The Poverty Gap - Part II
Thursday, September 21, 2006 at 05:26PM We cannot end poverty - society would not allow it because without poverty, society cannot have wealth. Communism and socialism operated on the premise of an equal, single-class society. Those societies failed in at least two ways: corruption rose to the top in a small, but powerful upper class and the vast majority were equal alright - equally poor. Democratic societies fought many battles to subdue socialism and protect democratic opportunities to rise from poverty to wealth and back again. Societies want poverty, because it is the necessity of wealth.
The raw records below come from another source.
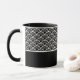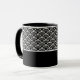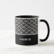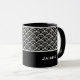Keramiskt kaffe mugg visas med svartvit konst. Anpassa det här objektet och ändra exemplet namn till ditt.
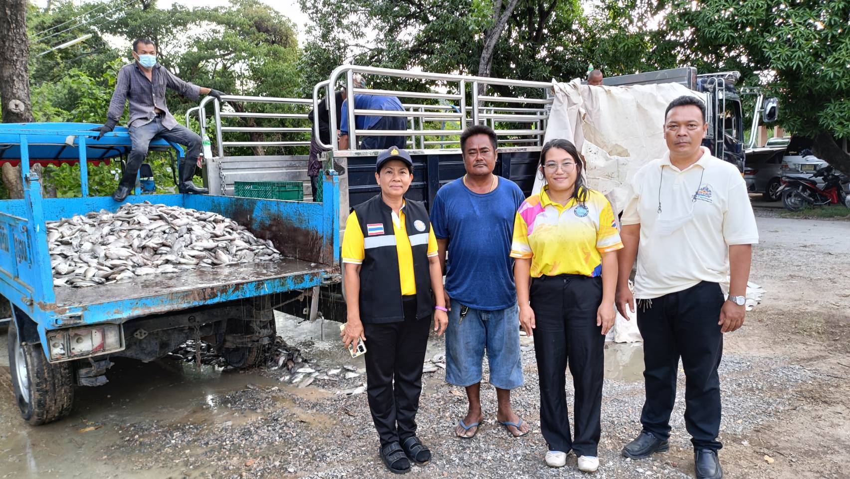 นางสาวธิดาวรรณ โพธิ์เพ็ชร หัวหน้ากลุ่มบริหารจัดการด้านการประมง ติดตามการส่งมอบปลาหมอคางดำจากจังหวัดสมุทรสงครามให้กับสถานีพัฒนาที่ดินจังหวัดกาญจนบุรี
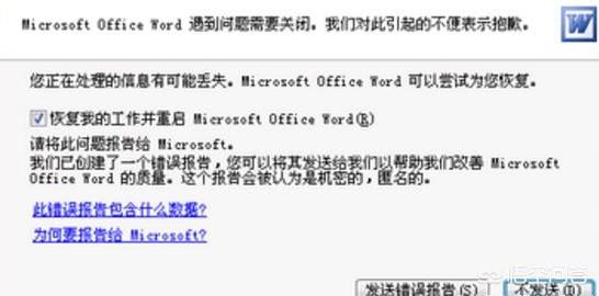 word在使用过程中经常会遇到“发送错误报告”的提示框,在这个对话框中有”发送错误报告”和“不发送”两个按钮。选择“不发送”则word将关闭。
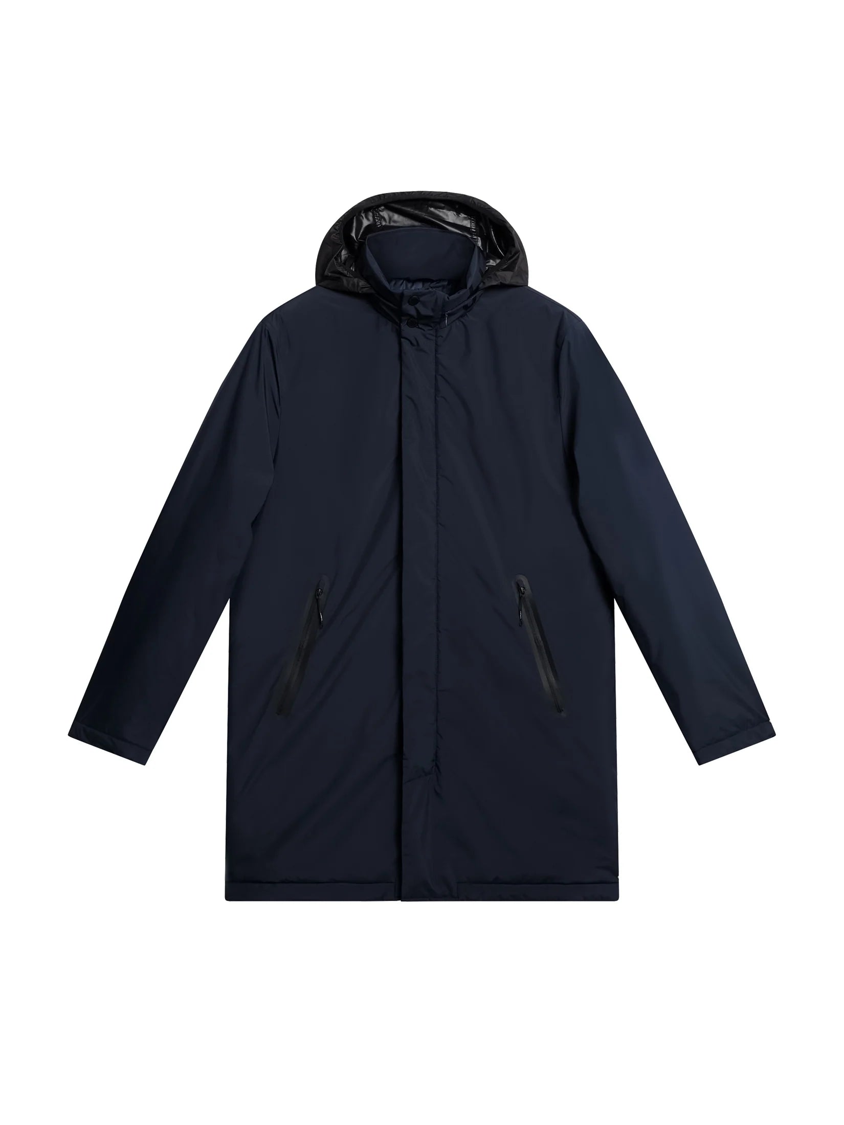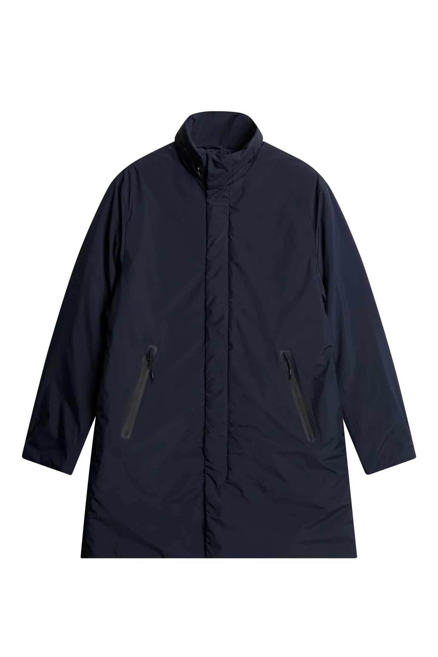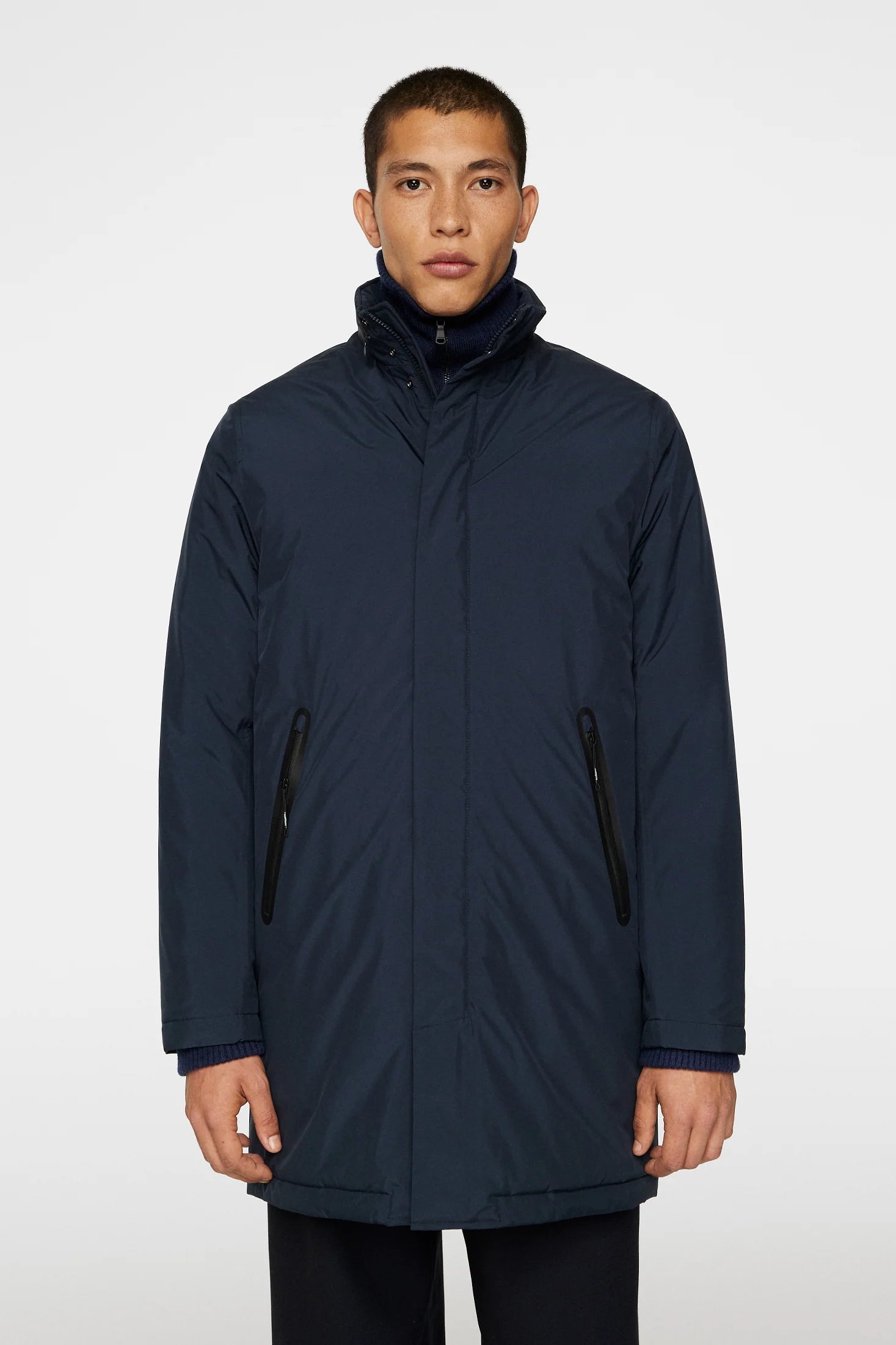 Rocken har regular fit-passform och ett rent, skräddat snitt med dold knappslå, hög krage och subtila JL-detaljer. Den mörkblå färgen JL Navy ger ett sofistikerat uttryck som fungerar lika bra över kostymen till kontoret som över en stickad tröja under helgen.
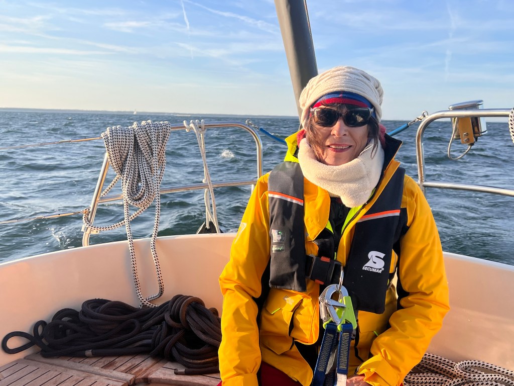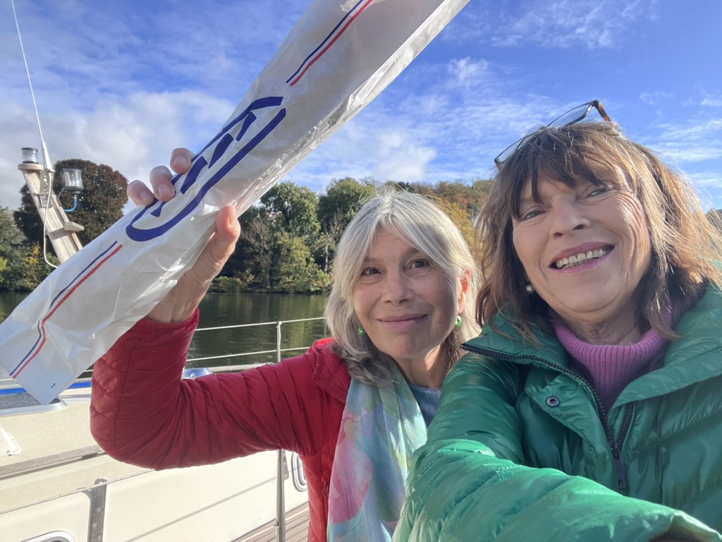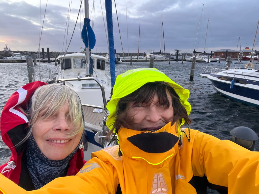 Auch mal schön – kein Wind, keine Welle, warten auf Birgit und allerlei Besuche. Den ersten Morgen, montags, mache ich nichts 🙂 und erhole mich von den rheinischen Strapazen. Am Nachmittag gehts dann per Zug etwas umständlich (erster Zug ausgefallen) nach Aachen, wo mich Doris (meine längste beste Freundin) am Bahnhof erwartet. Wir gehen köstlich speisen und verbringen dann einen Freundinnenabend, bzw. eine Freundinnennacht wie vor 30 Jahren – heißt: wir quatschen bis 4.00 morgens – wunderbar! Nur am nächsten Morgen merken wir leider, dass auch an uns die Zeit nicht spurlos vorüber gezogen ist. Aber das bißchen Müdigkeit war der Abend allemal wert. Ich lasse mich noch bei einem von Doris Ärztefreunden schnell Grippe impfen und nach einem Supermarktbesuch bringt mich Doris zurück zu Mawi. Leider haben wir ein Selfie vergessen…
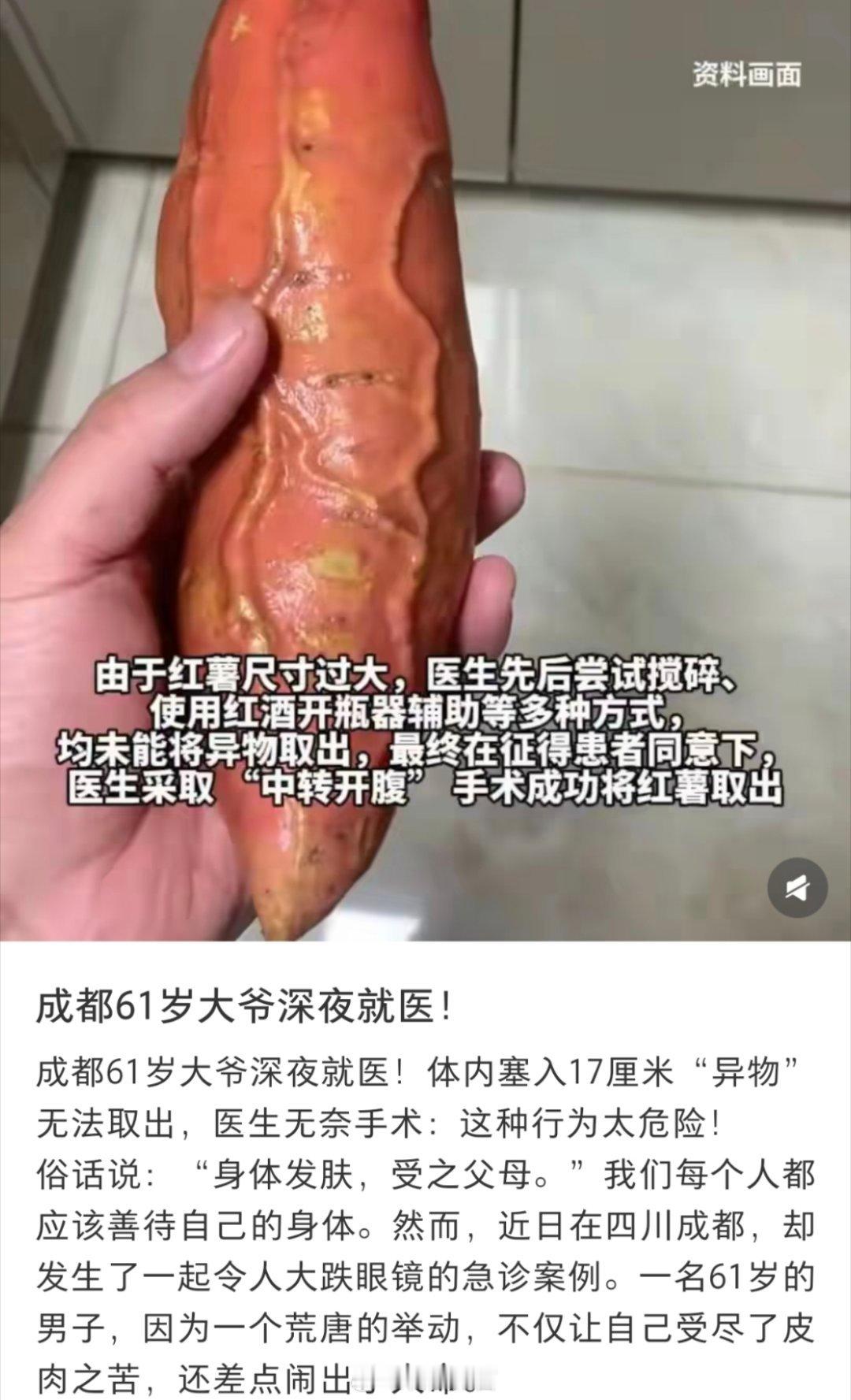 急诊室里总有些令人意想不到的病例。一位六十多岁的大爷,竟将一个大红薯塞入了自己的肛门。塞入时顺利,想取出时却卡住了。他在家强忍数小时,疼得冷汗淋漓,最终不得不狼狈就医。大爷事后满脸窘迫,或许独居的孤寂与年长的空虚,让他做出了这般荒唐事。这背后不只是猎奇,更透出一丝晚景的苍凉。有人戏言:“下次记得系根绳子,方便拉扯。”玩笑归玩笑,这类事件却让人深思:当身体成为排遣孤独的出口,需要的或许不只是医疗救助,更是陪伴与关怀。奇葩事的背后,往往藏着一声不被听见的叹息。
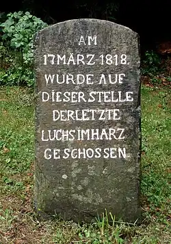 An den letzten freilebenden Wolf, der von Graf Ferdinand zu Stolberg-Wernigerode erlegt wurde, erinnert hingegen der Ferdinandsstein in der Nähe der Plessenburg bei Ilsenburg.
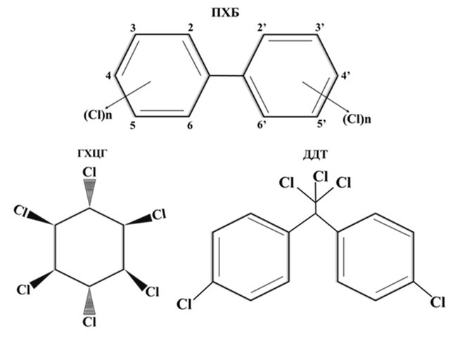 Fig. 1. Molecular structure hexachlorocyclohexane (ГХЦГ), dichlorodiphenyltrichlordoethane (ДДТ) and polychlorinated biphenyls (ПХБ).
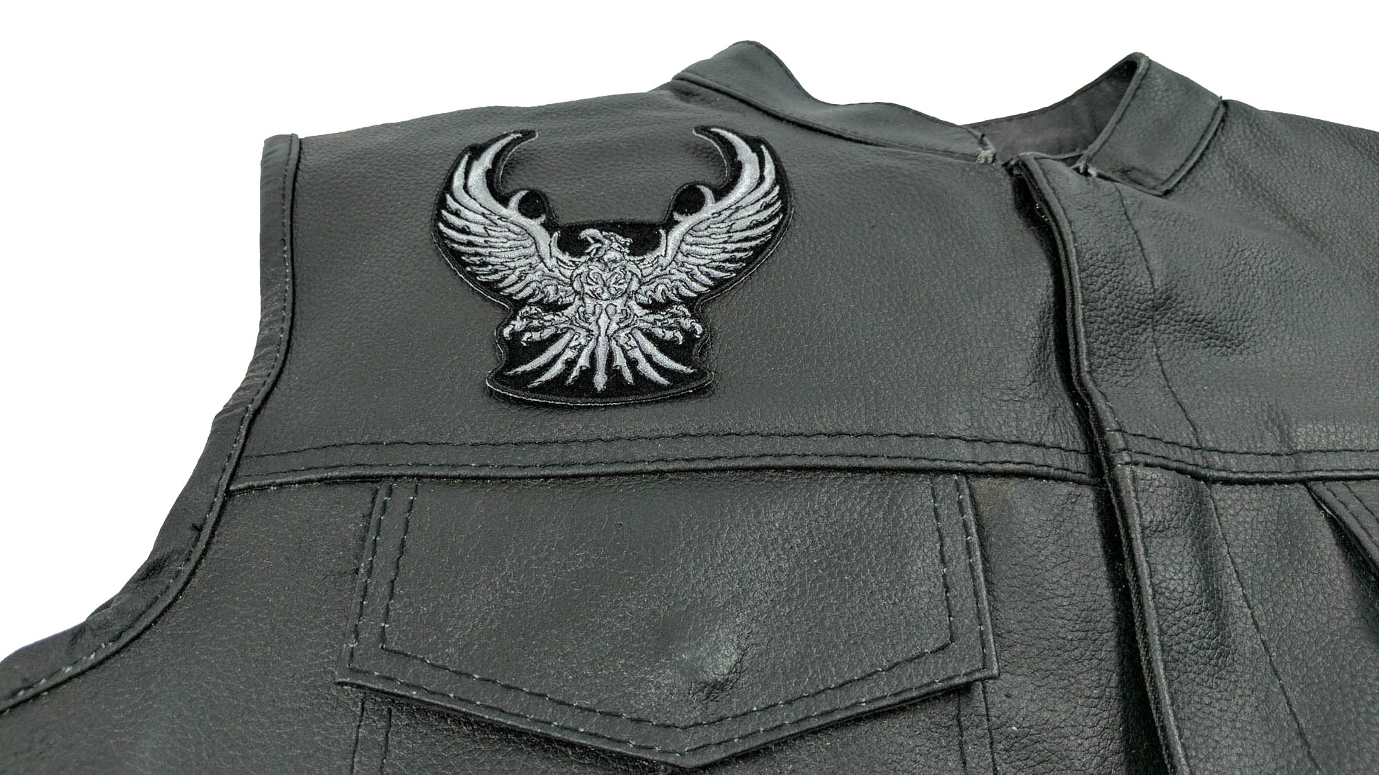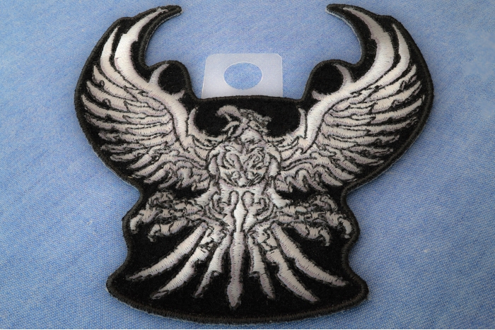 The 4x4 inch size Eagle patch features an upwing eagle drawn in tribal art and embroidered in shades of silver and grey.
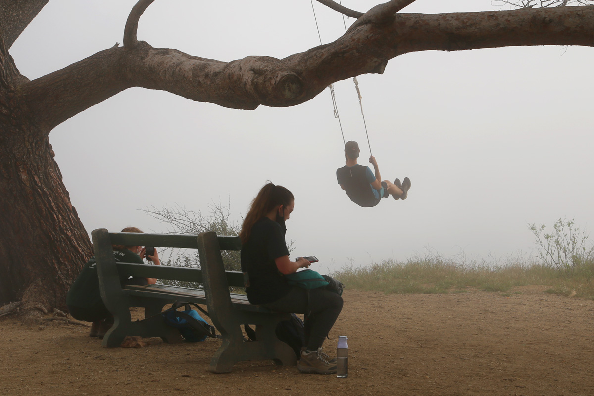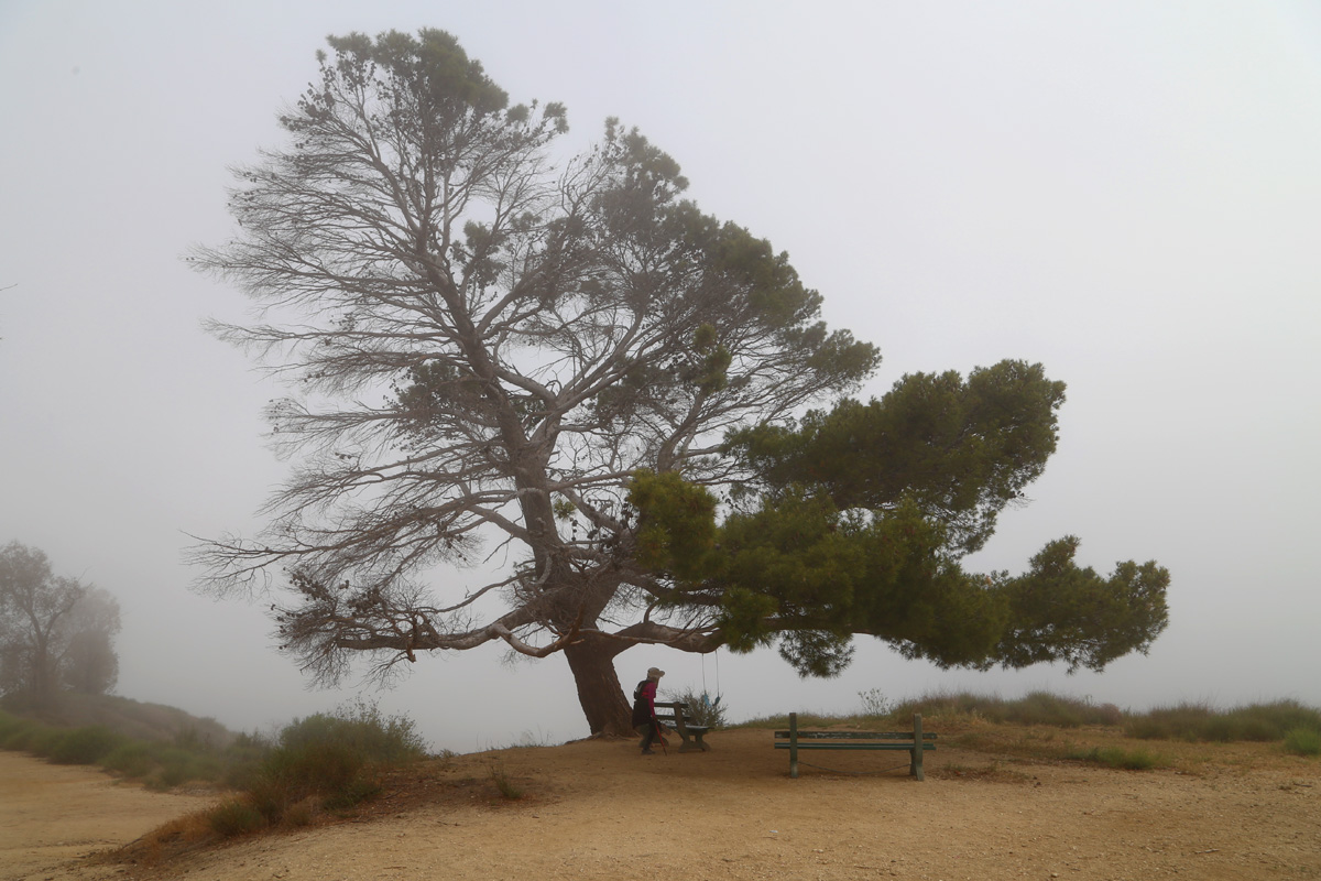 돌아서 내려가는 길에 앞서 표지판 뒤로 잠깐 보여드렸던 그 나무를 찾아갔다. 구글맵에는 '생명의 나무' 트리오브라이프(Tree of Life)로 표시되어 있는데, 딱 봐도 뭔가 영험해 보인다. 특히 저 나무 아래 벤치에 앉아서 바라보는 라크레센타 밸리와 그 너머 샌가브리엘 산맥의 풍경이 멋있다는데... 지금은 안개에 가려서 아무것도 안 보인다.

And a poverty gap? Has the gap increased in the past 20 years? Sure. Is this fair? Sure. The gap has increased because of a simple principle. A person will earn money based on:
- How many people they serve
- How well they serve them
- How hard they are to replace
I used to joke that back in my consulting hay days of $135/hr that I actually made more money ‘per person’ than Michael Jordan. Yet, he made about a billion dollars more. Why?
First, he served, I don’t know, a few million people! He served them better - yes, he liked his job and I hated mine. (Clients/fans are not fools - they know who wants to be there and who is waiting on the next train.) He was harder to replace. Business consultants outnumber professional athletes, probably 100,000 to 1 and he was an elite athlete. So, voila. I made more per person and had less to show for it. Simple economics.
So why the increase in the poverty gap? Why have the rich become richer at a faster pace than the middle class?
Revolution. Technology affords us the ability to serve many, many more people and many times, serve them better. And those that get a jump on technologies power are not easily replaced. This happens with every technology revolution. In the Industrial Age in the U.S. we had the Carnegies, Rockefellers, Vanderbilts and many others. In today’s Information Age, we have the Gates, Buffetts and Dells.
Data shock: Would you be surprised to know that for all of the poverty gap created and wealth generated today, the first-comers, John Rockefeller and Cornelius Vanderbilt remain the 2 wealthiest people in American History, far ahead of #31 Bill Gates and #39 Warren Buffett? If you thought Bill Gates, the current richest person in the world, is something, what would you think of Mr. Rockefeller who had 8 times more buying power than Mr. Gates?
How do you and I move across the bridge of poverty? Follow the principles of LifeMAPP: find what you do best based on your personality, passions and experiences. You will enjoy it and that means you will serve people well. Learn to be the best in your local area. Find ways to serve more people - either by moving into or up the management chain or by expanding your business into new markets So, if you want to adjust the poverty gap, get yourself free first and start moving across the bridge. You and I can both move a bit farther across the gap.
And how do we help society as a whole? We need to educate and give to those without - we need to give them the opportunities to fail and succeed. As you cross the bridge, take a few people with you - that is leadership. Give them opportunities if you can. Teach them about opportunity and democracy. Shun the idea that failure is avoidable or that failure is a scarlet letter to be warn as a public badge of shame. Show them the importance of learning from failures to achieve success for no measurable success was ever achieved without first experiencing failure.
Influence those around you - leadership is influence. That’s how you and I can shift the poverty gap. We will not end poverty - society won’t let us. We can only stir the waters to make sure that the American dream - that dream that still holds the world captive - is alive and well. Dream on!